### Task to carry out
Output only the stretch of the listing that starts at the line containing "This breathtaking digital" and ends at the line containing "The Silver Melody", reproduced exactly with both ends.

*** Working data ***

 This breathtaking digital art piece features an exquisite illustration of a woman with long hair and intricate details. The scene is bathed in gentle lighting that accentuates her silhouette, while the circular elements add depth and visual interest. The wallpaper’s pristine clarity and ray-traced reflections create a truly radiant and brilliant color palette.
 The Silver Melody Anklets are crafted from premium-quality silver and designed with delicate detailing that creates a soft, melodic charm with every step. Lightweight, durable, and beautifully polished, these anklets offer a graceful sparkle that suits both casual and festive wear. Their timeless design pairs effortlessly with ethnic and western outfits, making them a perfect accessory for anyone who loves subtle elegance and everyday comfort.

*** End of Working data ***
*** Working data ***

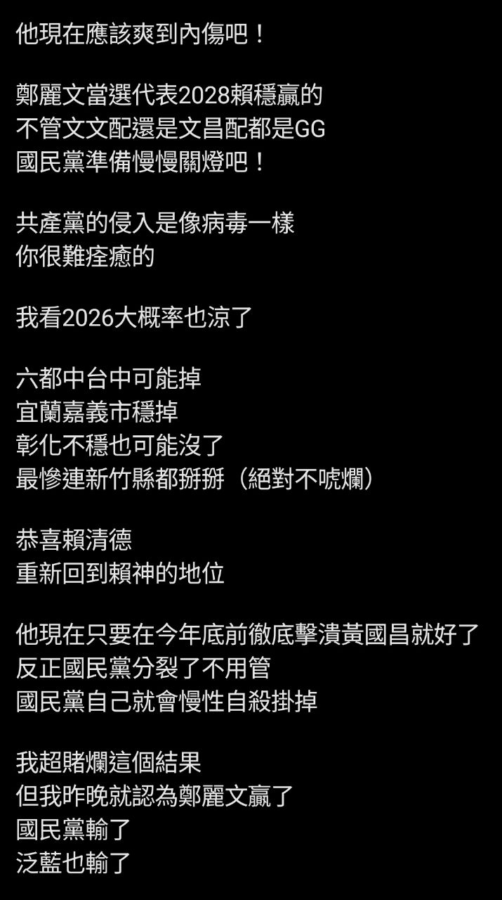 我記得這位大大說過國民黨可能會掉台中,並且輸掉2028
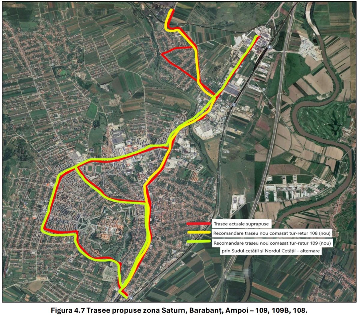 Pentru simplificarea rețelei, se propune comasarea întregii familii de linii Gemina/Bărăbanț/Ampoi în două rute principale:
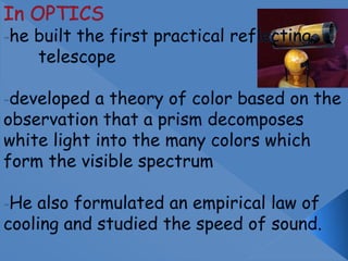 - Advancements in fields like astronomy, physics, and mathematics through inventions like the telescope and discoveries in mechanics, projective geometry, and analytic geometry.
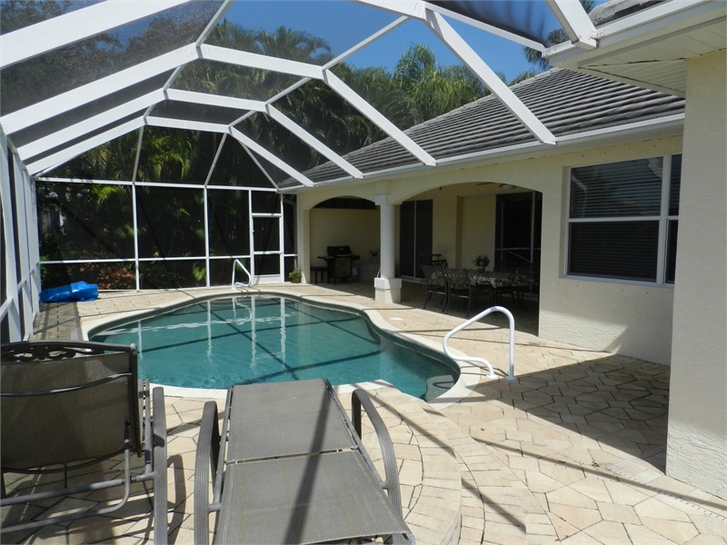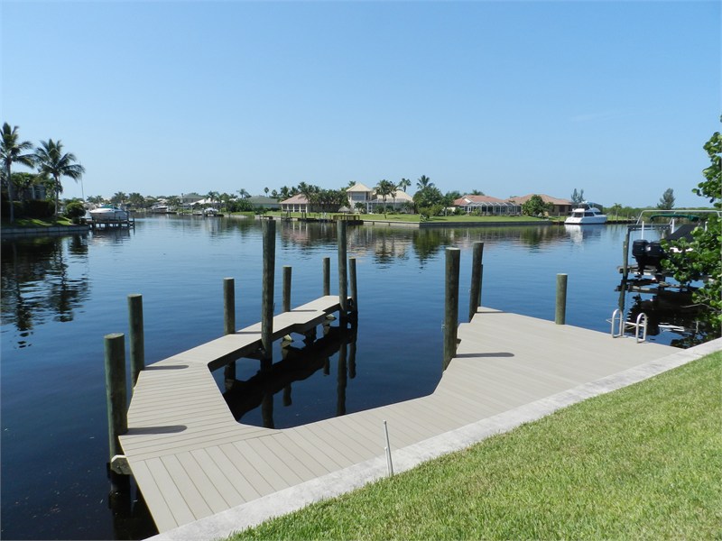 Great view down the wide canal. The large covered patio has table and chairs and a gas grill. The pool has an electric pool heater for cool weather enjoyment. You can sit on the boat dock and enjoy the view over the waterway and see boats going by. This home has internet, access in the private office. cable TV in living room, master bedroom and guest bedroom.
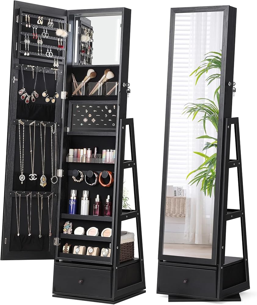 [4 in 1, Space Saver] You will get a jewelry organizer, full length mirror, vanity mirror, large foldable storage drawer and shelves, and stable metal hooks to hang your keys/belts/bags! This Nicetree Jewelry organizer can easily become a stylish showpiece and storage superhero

*** End of Working data ***
*** Working data ***

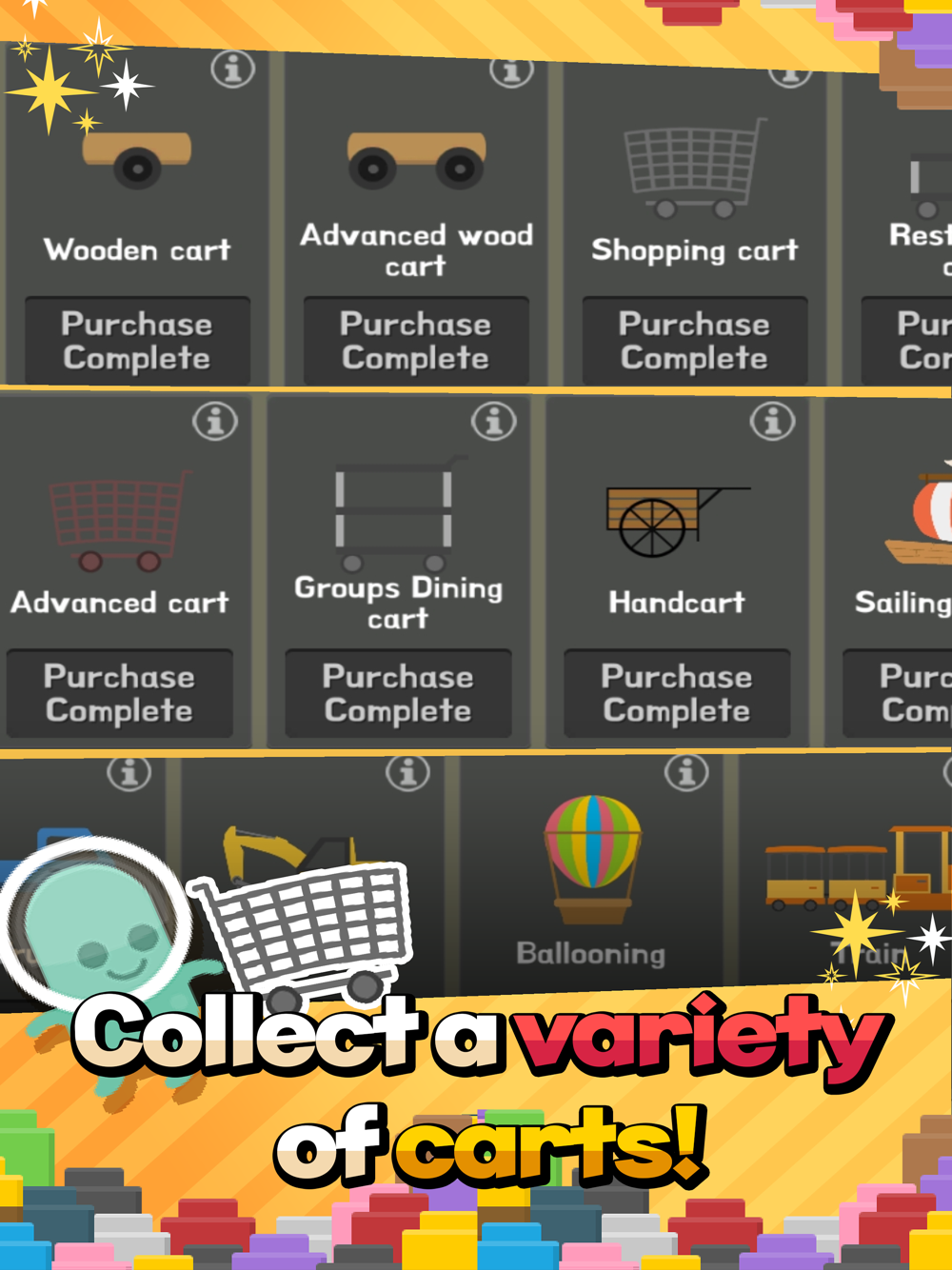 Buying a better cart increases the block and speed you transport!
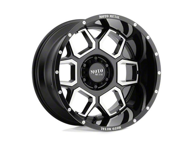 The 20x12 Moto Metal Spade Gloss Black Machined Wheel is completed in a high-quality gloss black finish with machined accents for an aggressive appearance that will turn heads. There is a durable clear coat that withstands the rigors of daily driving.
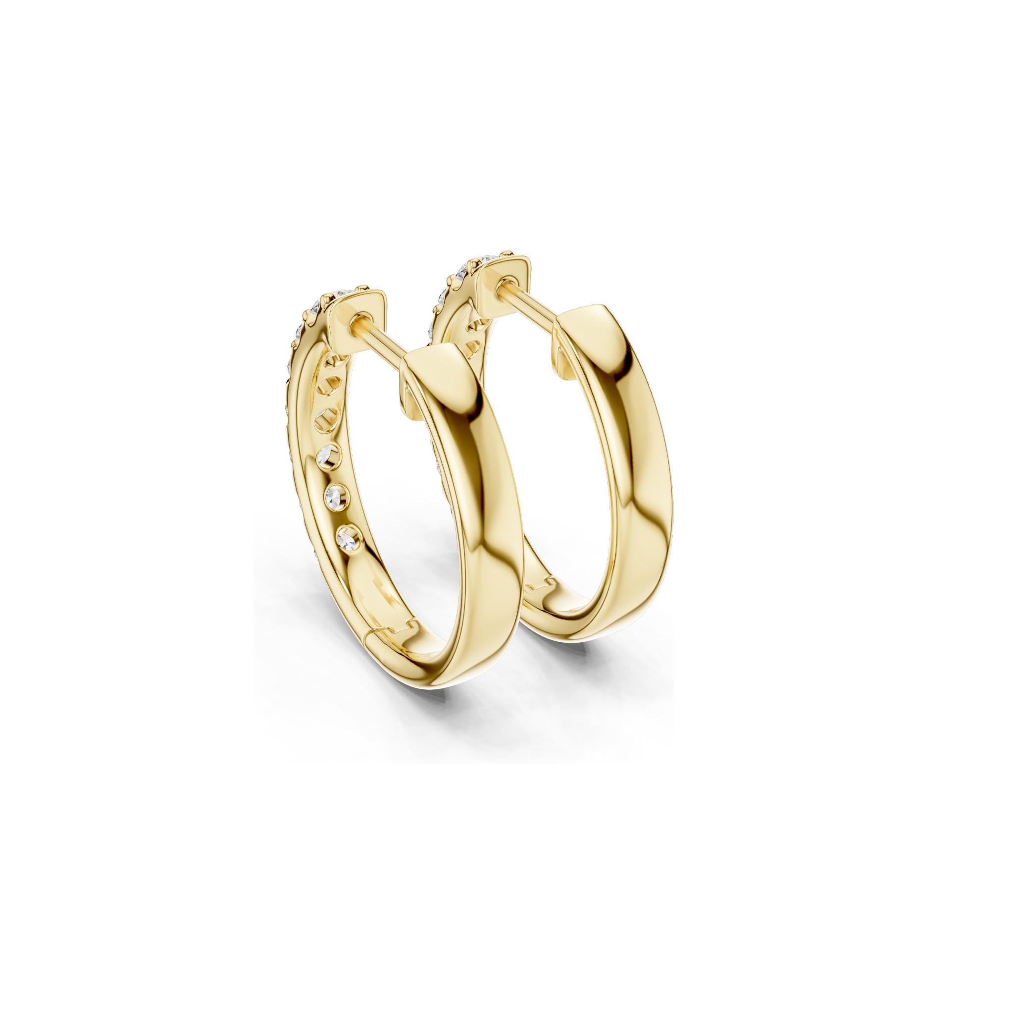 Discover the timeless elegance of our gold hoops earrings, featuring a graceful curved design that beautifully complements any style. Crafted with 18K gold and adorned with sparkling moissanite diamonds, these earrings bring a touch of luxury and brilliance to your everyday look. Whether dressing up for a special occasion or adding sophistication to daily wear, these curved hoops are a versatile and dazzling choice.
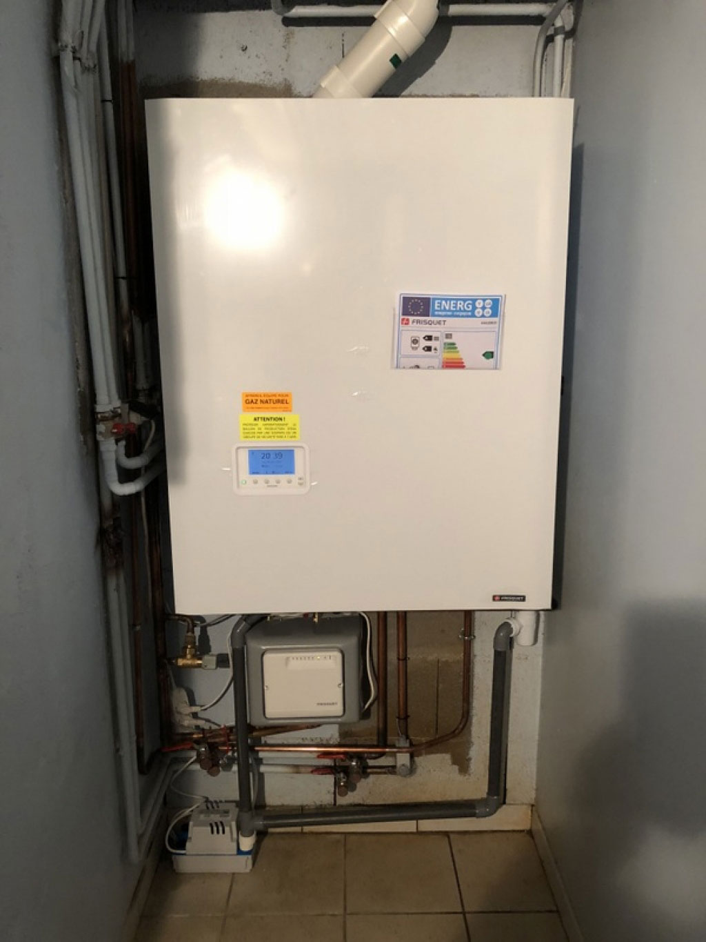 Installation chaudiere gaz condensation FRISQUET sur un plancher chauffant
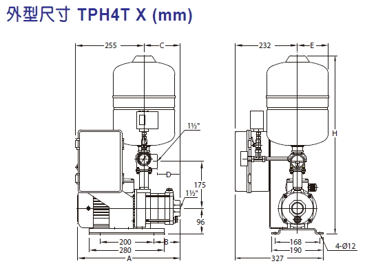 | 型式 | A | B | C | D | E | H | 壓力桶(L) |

*** End of Working data ***

### Reply
 This breathtaking digital art piece features an exquisite illustration of a woman with long hair and intricate details. The scene is bathed in gentle lighting that accentuates her silhouette, while the circular elements add depth and visual interest. The wallpaper’s pristine clarity and ray-traced reflections create a truly radiant and brilliant color palette.
 The Silver Melody Anklets are crafted from premium-quality silver and designed with delicate detailing that creates a soft, melodic charm with every step. Lightweight, durable, and beautifully polished, these anklets offer a graceful sparkle that suits both casual and festive wear. Their timeless design pairs effortlessly with ethnic and western outfits, making them a perfect accessory for anyone who loves subtle elegance and everyday comfort.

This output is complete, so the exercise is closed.